Reproduce exactly only the lines from the line that holds "Nowy Rok 2019 z świnką i zielonym wieńcem" to the line that holds "Desde muy temprano, comenzaron", inclusive, in the listing below, and please leave out every picture.

SOURCE DATA
++++++++

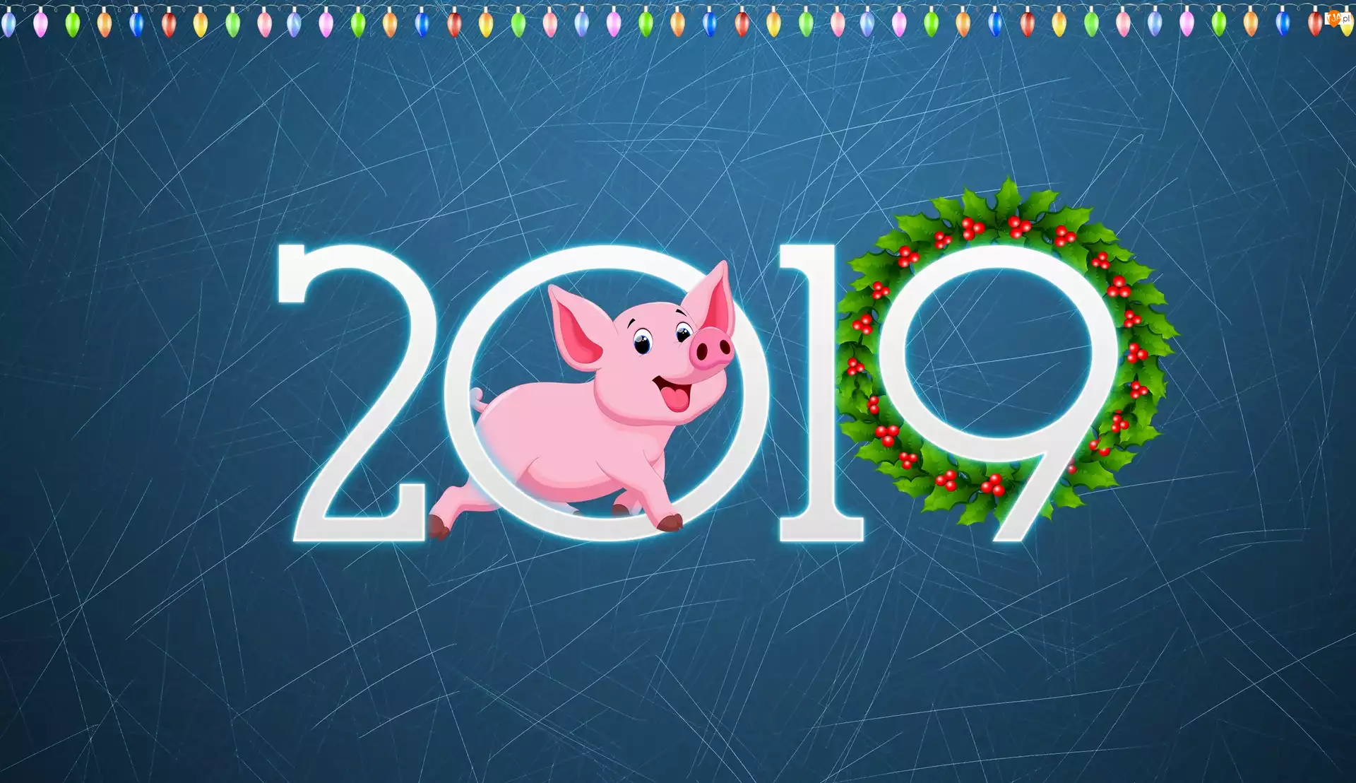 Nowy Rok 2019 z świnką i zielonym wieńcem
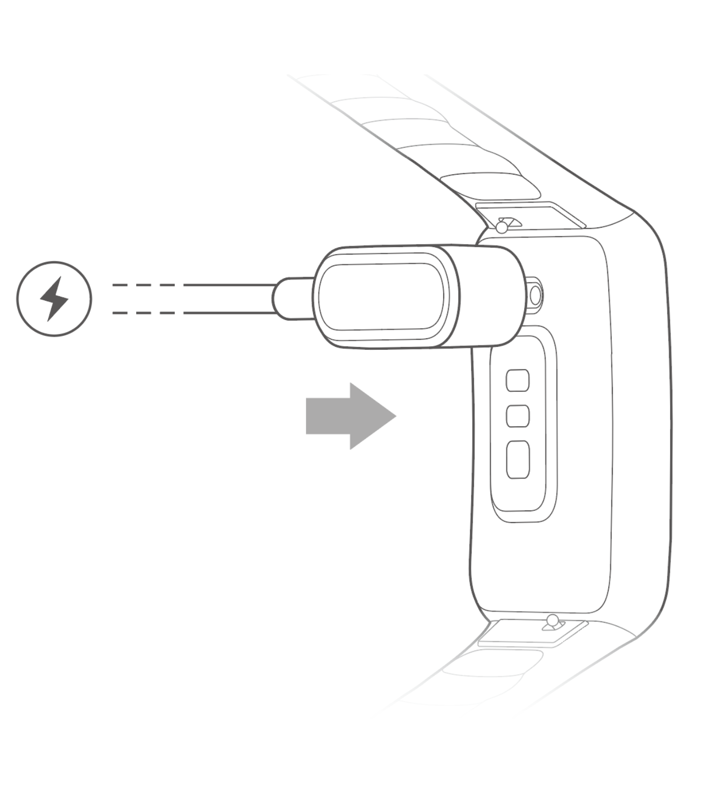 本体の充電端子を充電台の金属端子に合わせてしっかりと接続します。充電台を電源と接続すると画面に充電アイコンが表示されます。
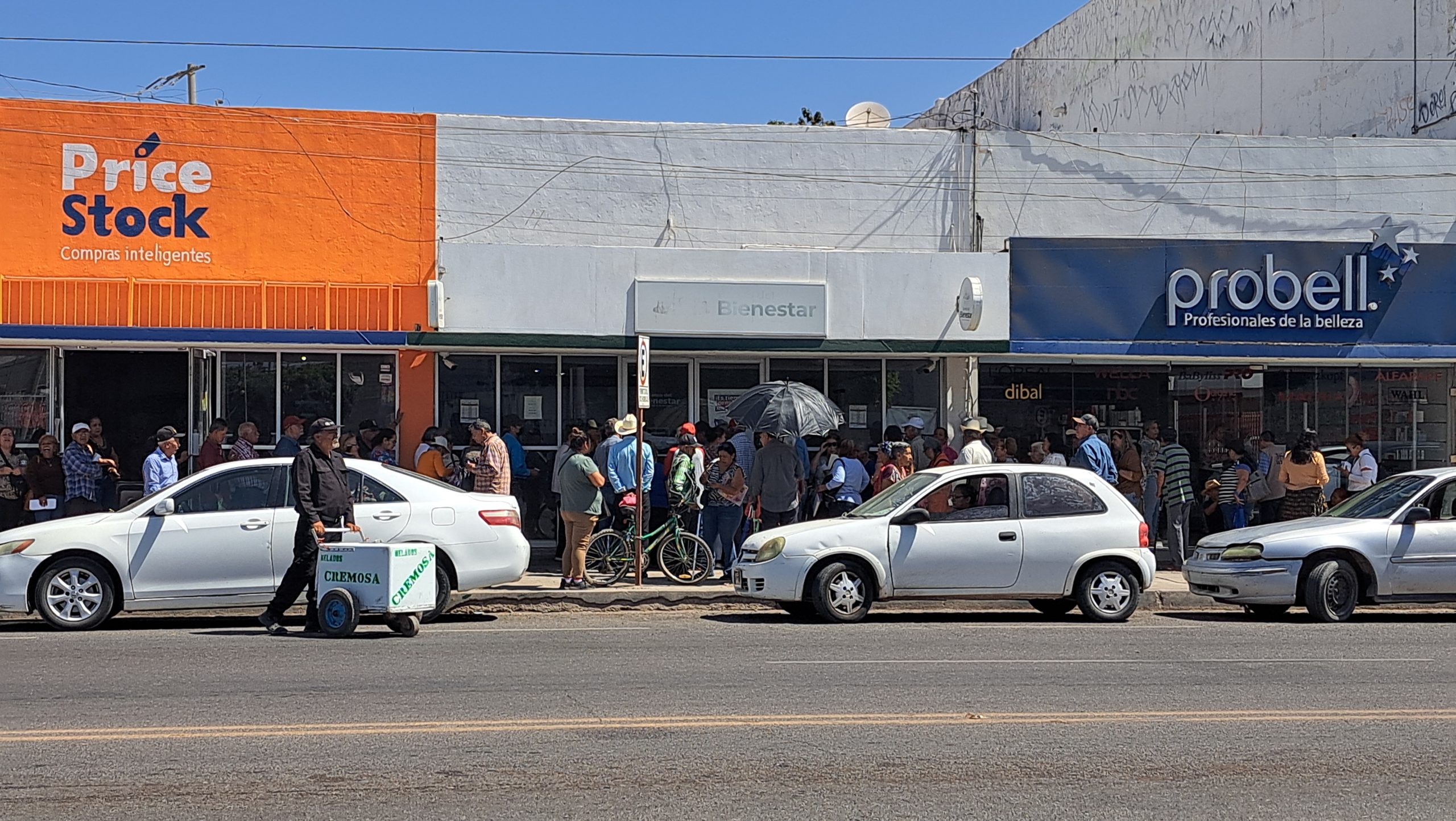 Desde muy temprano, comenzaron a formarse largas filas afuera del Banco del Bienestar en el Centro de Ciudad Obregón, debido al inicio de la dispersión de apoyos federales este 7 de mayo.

++++++++

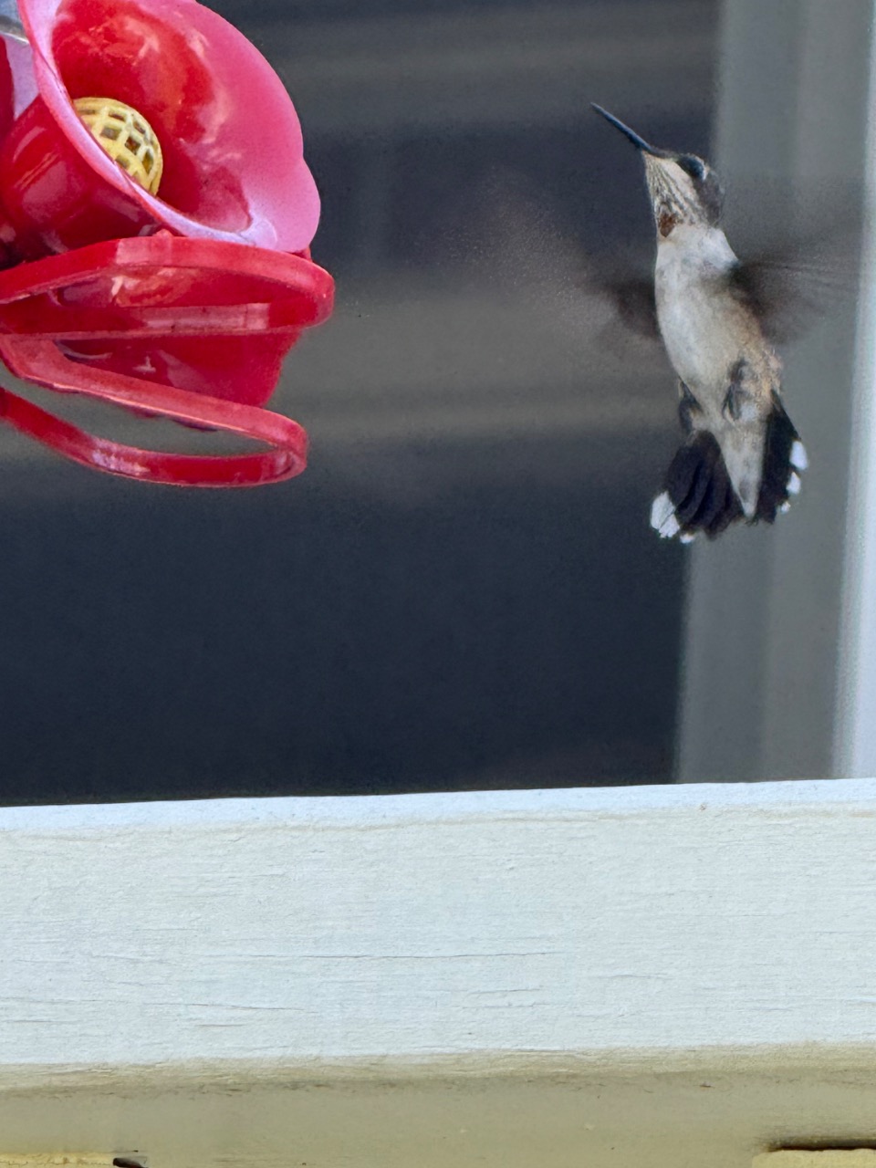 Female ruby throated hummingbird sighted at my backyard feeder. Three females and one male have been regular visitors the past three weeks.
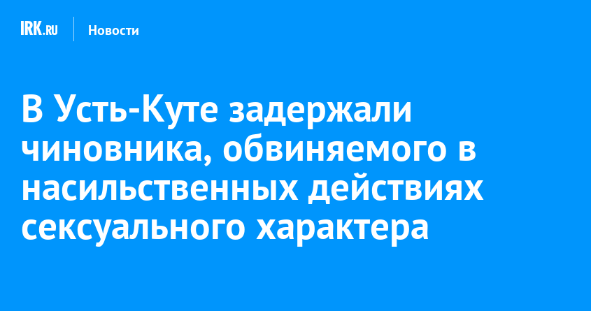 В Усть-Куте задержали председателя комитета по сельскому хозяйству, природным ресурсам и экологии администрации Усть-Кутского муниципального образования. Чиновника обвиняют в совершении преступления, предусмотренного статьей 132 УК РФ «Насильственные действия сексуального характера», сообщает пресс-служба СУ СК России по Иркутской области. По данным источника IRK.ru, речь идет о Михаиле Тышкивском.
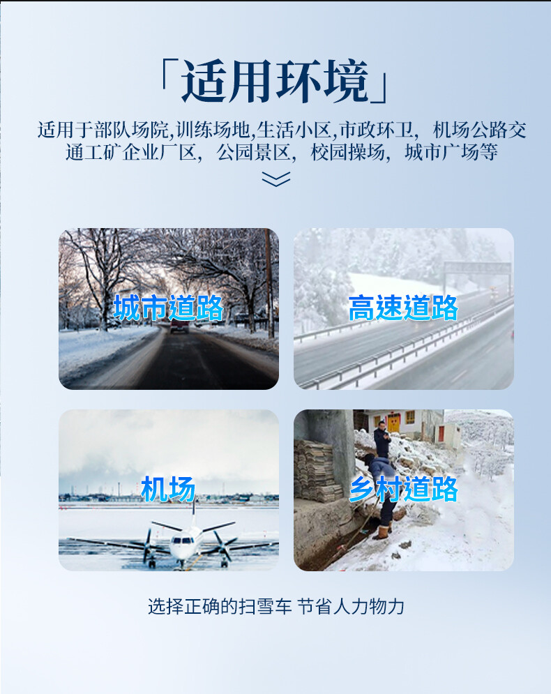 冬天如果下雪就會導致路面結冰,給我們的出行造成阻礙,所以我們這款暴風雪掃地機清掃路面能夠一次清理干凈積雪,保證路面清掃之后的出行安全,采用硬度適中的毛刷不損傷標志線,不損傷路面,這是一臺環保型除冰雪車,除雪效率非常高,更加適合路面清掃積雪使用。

++++++++

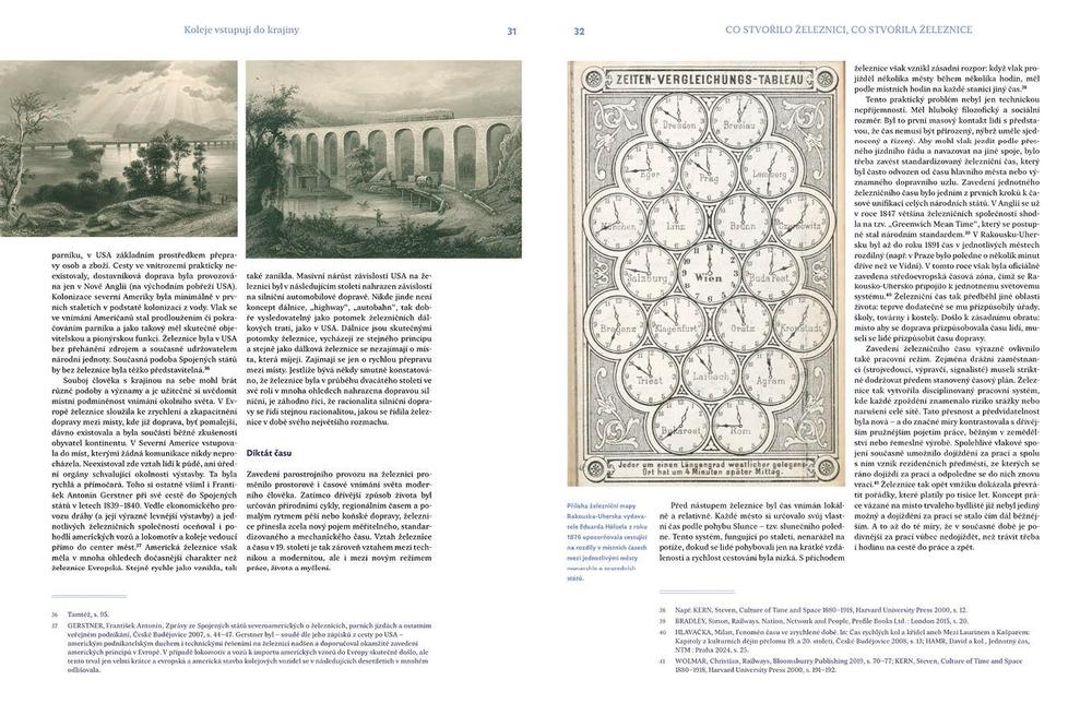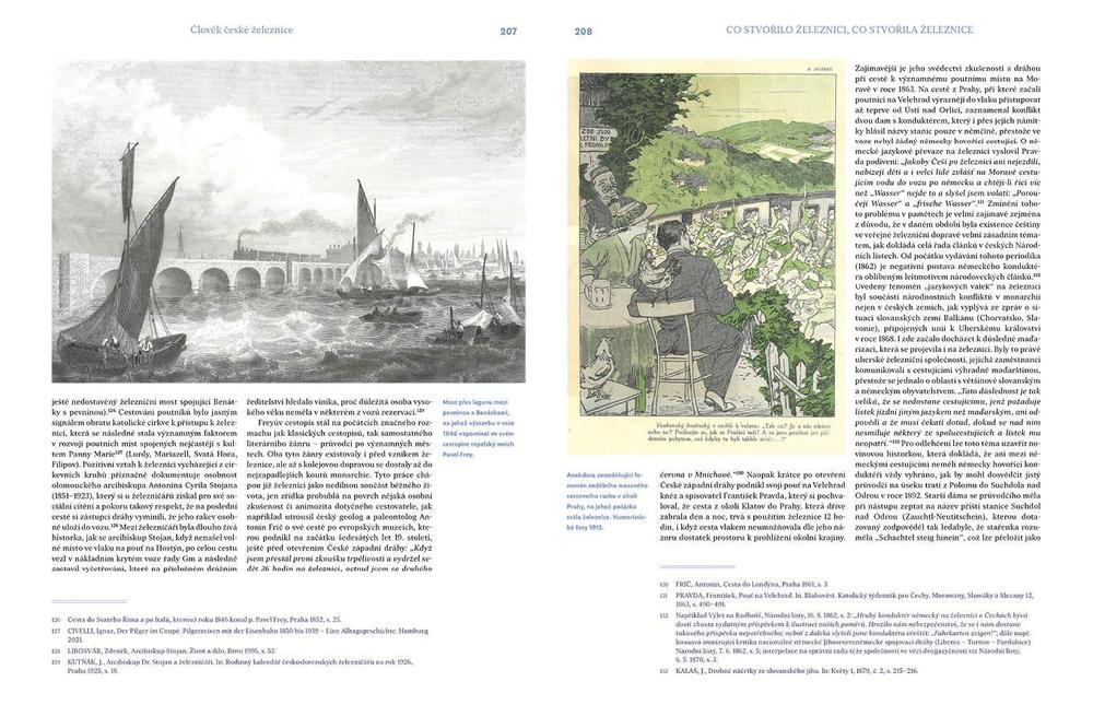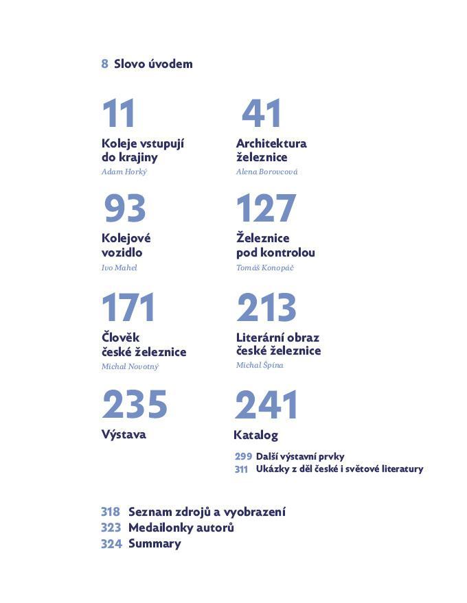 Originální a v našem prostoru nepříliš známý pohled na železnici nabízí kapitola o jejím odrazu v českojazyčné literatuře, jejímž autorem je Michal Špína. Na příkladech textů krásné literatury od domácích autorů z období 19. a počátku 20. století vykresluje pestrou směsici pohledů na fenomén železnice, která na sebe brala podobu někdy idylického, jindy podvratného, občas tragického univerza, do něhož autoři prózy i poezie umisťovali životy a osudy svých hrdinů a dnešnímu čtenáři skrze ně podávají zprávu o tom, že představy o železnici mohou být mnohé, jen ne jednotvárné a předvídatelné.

++++++++

RESULT OF THE TASK
 Nowy Rok 2019 z świnką i zielonym wieńcem
 本体の充電端子を充電台の金属端子に合わせてしっかりと接続します。充電台を電源と接続すると画面に充電アイコンが表示されます。
 Desde muy temprano, comenzaron a formarse largas filas afuera del Banco del Bienestar en el Centro de Ciudad Obregón, debido al inicio de la dispersión de apoyos federales este 7 de mayo.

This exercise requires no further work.